Two years ago was the first year in many when I didn't get in a funk at some point. We went to my cousin's home for several days around Christmas, brought some crab for a traditional Christmas eve feast (well, traditional for some of us), tagged along with them on their gift shopping into malls and traffic-with nary a care. The gifts we brought had been simple: artwork and food ... a watercolor I'd painted, framed and matted, and crab, crab, crab.
The mall frenzy was something my husband and I could enjoy with no attachment to outcome. I went with Bonnie to find a boom box for Skip. Anthony went with Skip to find a Mixmaster for Bonnie. We all had fun.
That year there were just the four of us, and the next year was a repeat, but with more players: Skip and Bonnie's kids, plus a big dog, a houseful. I saw the anxiety level go up as Bonnie got frazzled; this was her daughter-in-law's first Christmas away from her own family, and Bonnie, a good mom, wanted Kristen to feel comfortable.
That's where the lesson was: Bonnie's anxiety about others' happiness dampened her pleasure with having her whole family around her. It was so easy to see my own behavior, my own anxiety, in Bonnie's.
By contrast, my worry about the holidays was eliminated by not hosting the gathering. I can help out cooking and cleaning up. I can help in other ways, but I'm not responsible for the overall event, and somehow that relieves me of the worry about other people's happiness.
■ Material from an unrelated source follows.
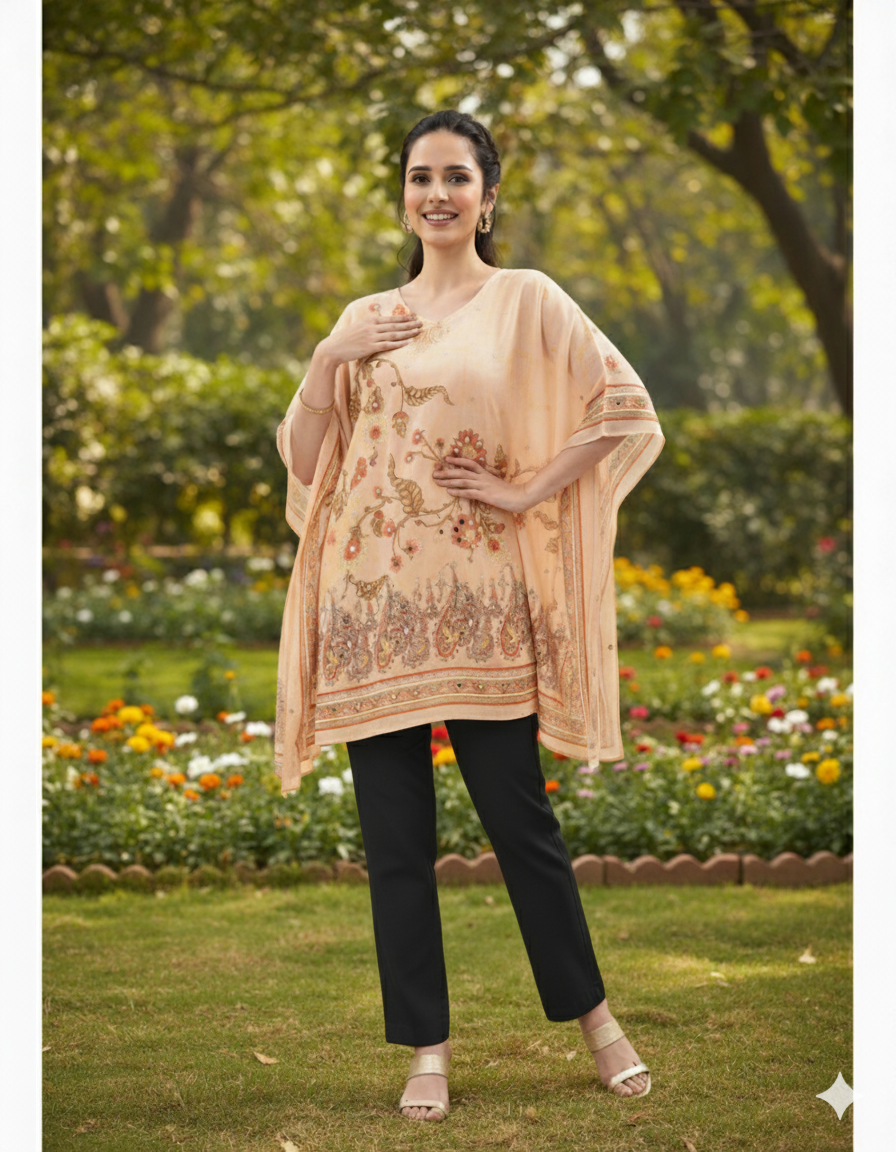 Description: Peach Printed Kaftan: Effortlessly stylish, versatile, and perfect for adding a touch of elegance to any occasion or outing.

I try to remind myself "Don't worry, be happy." Things might be hectic, but in the end, aren't you glad to be alive, whatever life brings? And isn't the essence of the holiday to bring us together when we've been scattered? Isn't the point of the holiday meal to gather us around the table, to look into each other's faces, into each other's eyes, and recognize the spirit there? Isn't the point to show our caring for each other? And, what is more enduring, the silly gift or the family story, the sports on TV or the heart-to-heart talk over a cup of coffee? They all happen over the holidays.
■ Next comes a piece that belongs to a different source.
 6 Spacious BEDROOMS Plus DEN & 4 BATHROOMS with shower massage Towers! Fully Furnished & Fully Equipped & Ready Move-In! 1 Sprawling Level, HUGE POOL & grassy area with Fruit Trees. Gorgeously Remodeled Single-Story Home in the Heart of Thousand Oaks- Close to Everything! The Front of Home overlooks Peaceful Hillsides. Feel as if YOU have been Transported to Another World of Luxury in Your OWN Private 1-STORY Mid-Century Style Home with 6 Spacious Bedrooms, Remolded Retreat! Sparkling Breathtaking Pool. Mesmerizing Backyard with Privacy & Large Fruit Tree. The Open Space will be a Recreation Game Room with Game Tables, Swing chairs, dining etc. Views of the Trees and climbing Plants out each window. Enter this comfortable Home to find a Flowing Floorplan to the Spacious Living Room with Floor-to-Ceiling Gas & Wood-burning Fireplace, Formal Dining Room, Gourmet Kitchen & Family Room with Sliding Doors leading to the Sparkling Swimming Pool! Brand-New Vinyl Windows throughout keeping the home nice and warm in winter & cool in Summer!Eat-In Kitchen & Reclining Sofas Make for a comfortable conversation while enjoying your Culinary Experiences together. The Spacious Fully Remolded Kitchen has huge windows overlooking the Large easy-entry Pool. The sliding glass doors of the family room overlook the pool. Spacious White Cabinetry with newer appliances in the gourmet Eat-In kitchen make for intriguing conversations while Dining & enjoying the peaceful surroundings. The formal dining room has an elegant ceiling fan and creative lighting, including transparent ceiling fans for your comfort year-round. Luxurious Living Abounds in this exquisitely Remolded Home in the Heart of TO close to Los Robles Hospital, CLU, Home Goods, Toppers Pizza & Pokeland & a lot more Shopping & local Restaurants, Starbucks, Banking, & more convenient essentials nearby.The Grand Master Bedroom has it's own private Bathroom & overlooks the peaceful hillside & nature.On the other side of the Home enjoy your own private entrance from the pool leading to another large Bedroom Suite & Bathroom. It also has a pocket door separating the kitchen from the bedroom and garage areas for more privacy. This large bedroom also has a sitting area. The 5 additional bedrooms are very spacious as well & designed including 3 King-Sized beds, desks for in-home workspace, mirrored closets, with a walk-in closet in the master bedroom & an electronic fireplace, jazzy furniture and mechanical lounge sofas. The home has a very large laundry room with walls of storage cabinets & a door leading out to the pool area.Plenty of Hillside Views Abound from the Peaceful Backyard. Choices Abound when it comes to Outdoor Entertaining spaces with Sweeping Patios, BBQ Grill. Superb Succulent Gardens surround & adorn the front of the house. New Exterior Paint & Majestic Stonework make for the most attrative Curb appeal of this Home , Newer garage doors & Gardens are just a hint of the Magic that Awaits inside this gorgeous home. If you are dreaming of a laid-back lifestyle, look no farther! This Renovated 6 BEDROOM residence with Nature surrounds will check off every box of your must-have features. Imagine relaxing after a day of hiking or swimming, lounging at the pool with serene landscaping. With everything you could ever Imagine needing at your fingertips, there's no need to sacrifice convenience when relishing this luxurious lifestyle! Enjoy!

I'm reminded of my first class in a counselor training program where we read an essay, "Yourself as Tool" which explained that the most powerful tool a good counselor has is his or her own intuition, awareness, insight and expressivity. It is those things, regardless of theories, that allow the counselor to offer aid and comfort to the seeker.
So forget about the perfection of the meal, the tidiness of the house, the adequacy of the gift. They're all just excuses, props, for being together. You and yours are the essence of the event.
Finally, here's a message from an old Christmas card:
Never goes out of style,
Cheaper than war,
But can't be charged on a credit card!